Source data:

■ ■ ■ ■

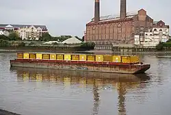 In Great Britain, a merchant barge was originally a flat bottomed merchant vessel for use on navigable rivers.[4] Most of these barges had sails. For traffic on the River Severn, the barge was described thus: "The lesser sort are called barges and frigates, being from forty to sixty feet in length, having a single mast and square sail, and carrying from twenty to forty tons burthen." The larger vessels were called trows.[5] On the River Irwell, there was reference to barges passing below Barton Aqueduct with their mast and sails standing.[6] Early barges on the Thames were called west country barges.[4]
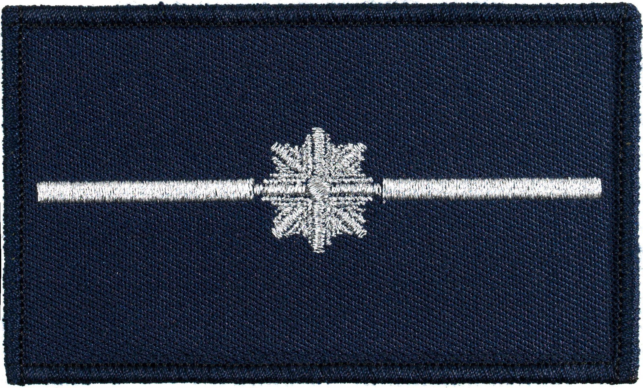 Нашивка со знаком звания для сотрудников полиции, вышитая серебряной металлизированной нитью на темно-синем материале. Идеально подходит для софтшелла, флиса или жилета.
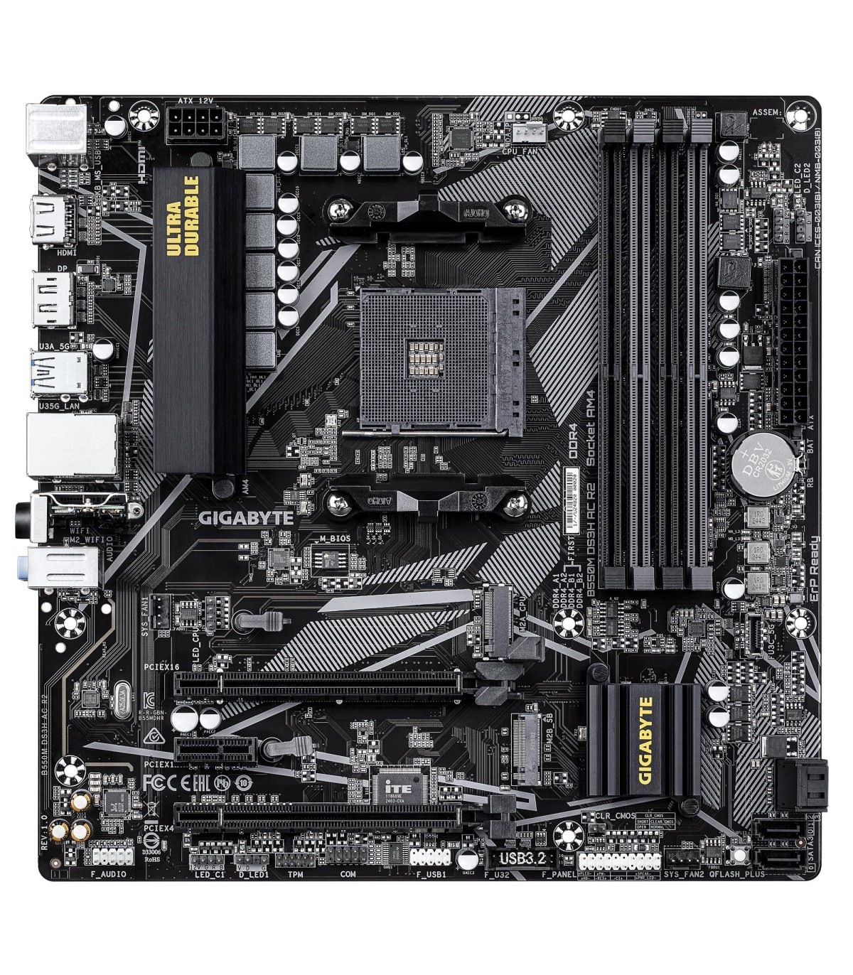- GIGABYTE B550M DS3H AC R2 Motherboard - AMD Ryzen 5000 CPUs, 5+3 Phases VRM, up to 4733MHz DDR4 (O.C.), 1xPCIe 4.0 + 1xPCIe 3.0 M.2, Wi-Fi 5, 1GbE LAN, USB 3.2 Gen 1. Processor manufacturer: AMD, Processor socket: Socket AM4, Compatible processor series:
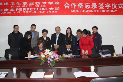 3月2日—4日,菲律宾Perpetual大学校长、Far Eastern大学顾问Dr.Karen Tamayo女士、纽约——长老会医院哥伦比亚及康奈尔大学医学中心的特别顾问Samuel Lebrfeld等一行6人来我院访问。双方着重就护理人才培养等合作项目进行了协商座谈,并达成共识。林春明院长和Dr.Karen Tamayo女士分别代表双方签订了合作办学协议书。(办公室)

■ ■ ■ ■

What you should do:
Could the data above be repeated exactly, with every picture dropped?

Answer to this exercise:
 In Great Britain, a merchant barge was originally a flat bottomed merchant vessel for use on navigable rivers.[4] Most of these barges had sails. For traffic on the River Severn, the barge was described thus: "The lesser sort are called barges and frigates, being from forty to sixty feet in length, having a single mast and square sail, and carrying from twenty to forty tons burthen." The larger vessels were called trows.[5] On the River Irwell, there was reference to barges passing below Barton Aqueduct with their mast and sails standing.[6] Early barges on the Thames were called west country barges.[4]
 Нашивка со знаком звания для сотрудников полиции, вышитая серебряной металлизированной нитью на темно-синем материале. Идеально подходит для софтшелла, флиса или жилета.
- GIGABYTE B550M DS3H AC R2 Motherboard - AMD Ryzen 5000 CPUs, 5+3 Phases VRM, up to 4733MHz DDR4 (O.C.), 1xPCIe 4.0 + 1xPCIe 3.0 M.2, Wi-Fi 5, 1GbE LAN, USB 3.2 Gen 1. Processor manufacturer: AMD, Processor socket: Socket AM4, Compatible processor series:
 3月2日—4日,菲律宾Perpetual大学校长、Far Eastern大学顾问Dr.Karen Tamayo女士、纽约——长老会医院哥伦比亚及康奈尔大学医学中心的特别顾问Samuel Lebrfeld等一行6人来我院访问。双方着重就护理人才培养等合作项目进行了协商座谈,并达成共识。林春明院长和Dr.Karen Tamayo女士分别代表双方签订了合作办学协议书。(办公室)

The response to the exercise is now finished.